Activity>
Range to copy from the entries below: the line containing "여름 신상 여성 의류, 전문적인" through the line containing "Зона спальни отделяется", inclusive. Retype only those lines, exactly, without any images.

[Record extracts — start]

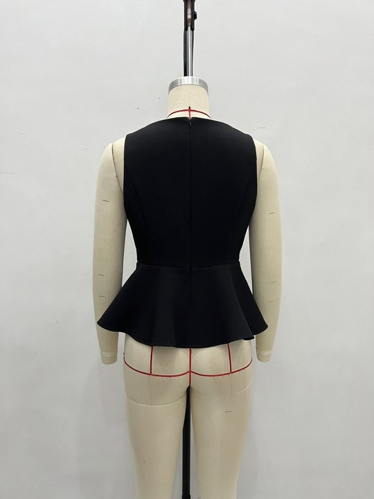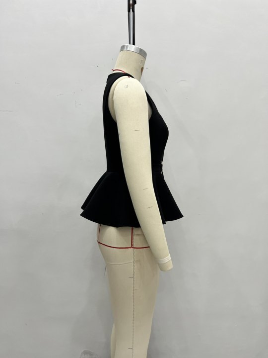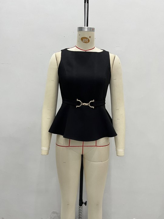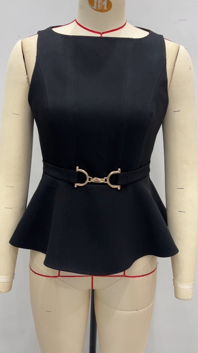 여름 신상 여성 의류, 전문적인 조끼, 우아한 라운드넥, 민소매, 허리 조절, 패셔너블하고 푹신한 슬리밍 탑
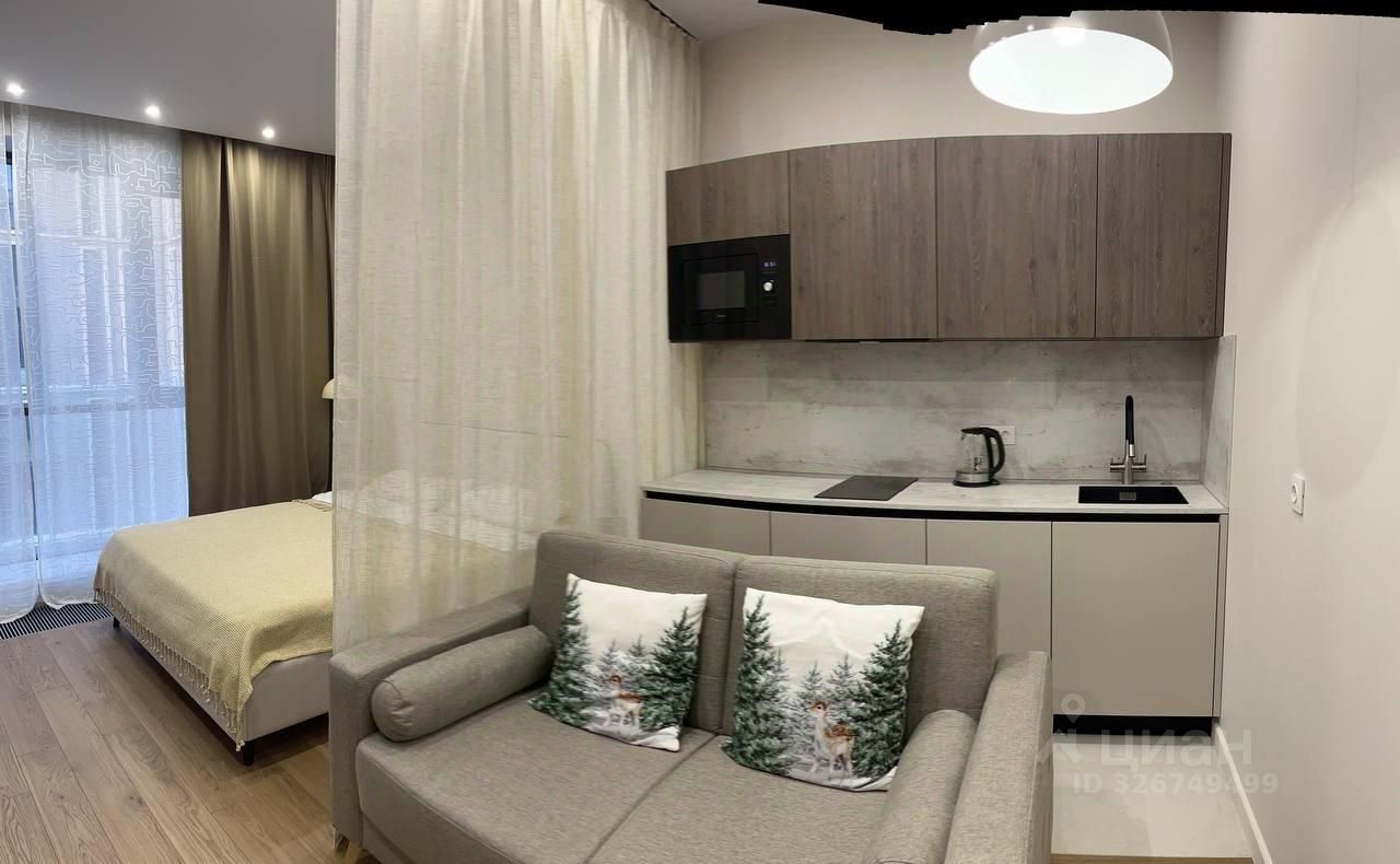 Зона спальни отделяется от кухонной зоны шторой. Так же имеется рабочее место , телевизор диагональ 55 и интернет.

[Record extracts — finish]
[Record extracts — start]

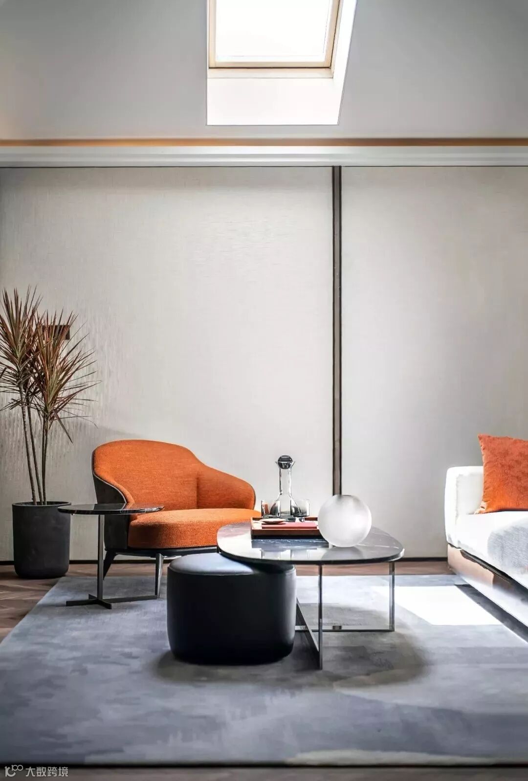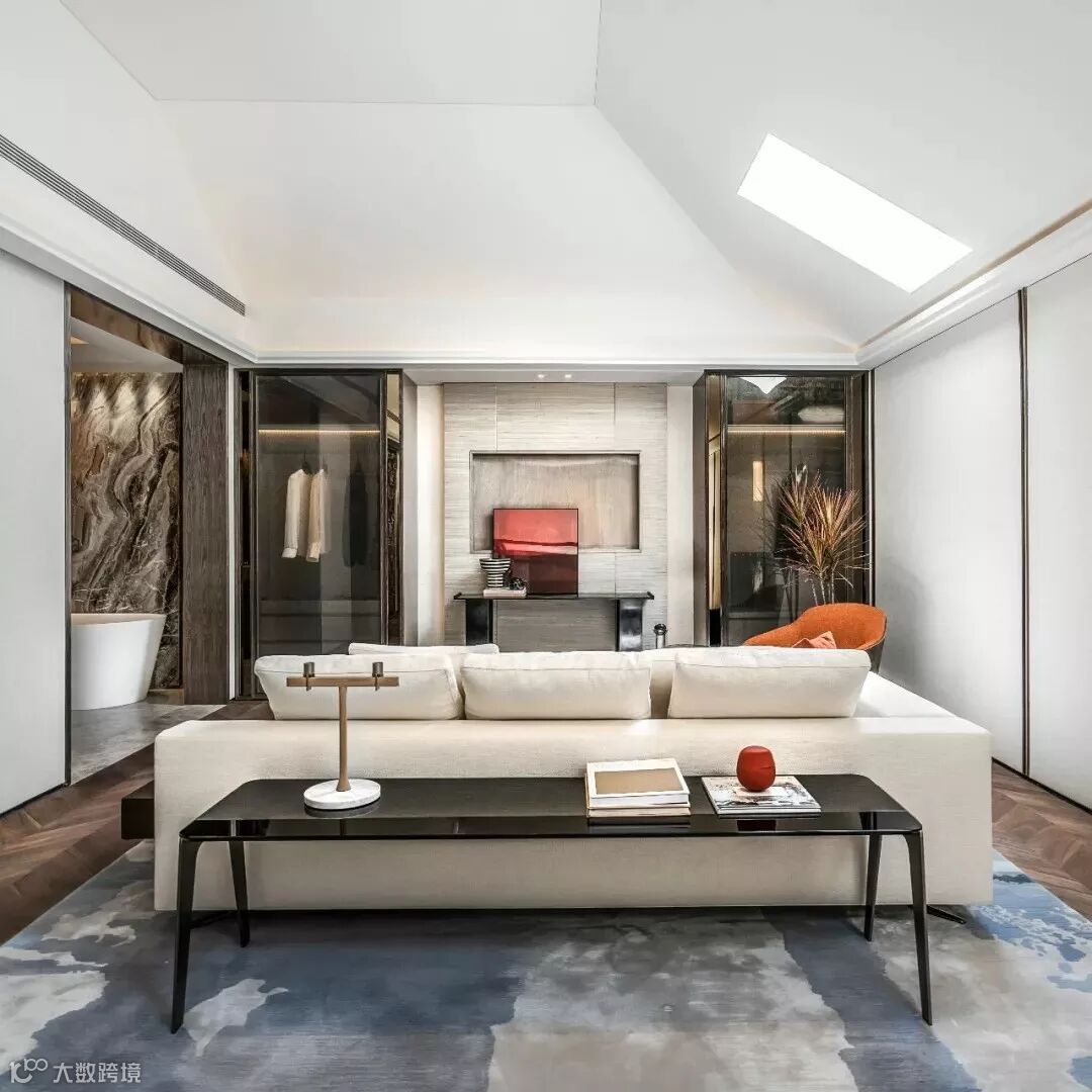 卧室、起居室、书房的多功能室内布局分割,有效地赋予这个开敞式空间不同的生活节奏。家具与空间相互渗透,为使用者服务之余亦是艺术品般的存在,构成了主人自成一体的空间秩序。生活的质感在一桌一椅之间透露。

[Record extracts — finish]

Exercise solution>
 여름 신상 여성 의류, 전문적인 조끼, 우아한 라운드넥, 민소매, 허리 조절, 패셔너블하고 푹신한 슬리밍 탑
 Зона спальни отделяется от кухонной зоны шторой. Так же имеется рабочее место , телевизор диагональ 55 и интернет.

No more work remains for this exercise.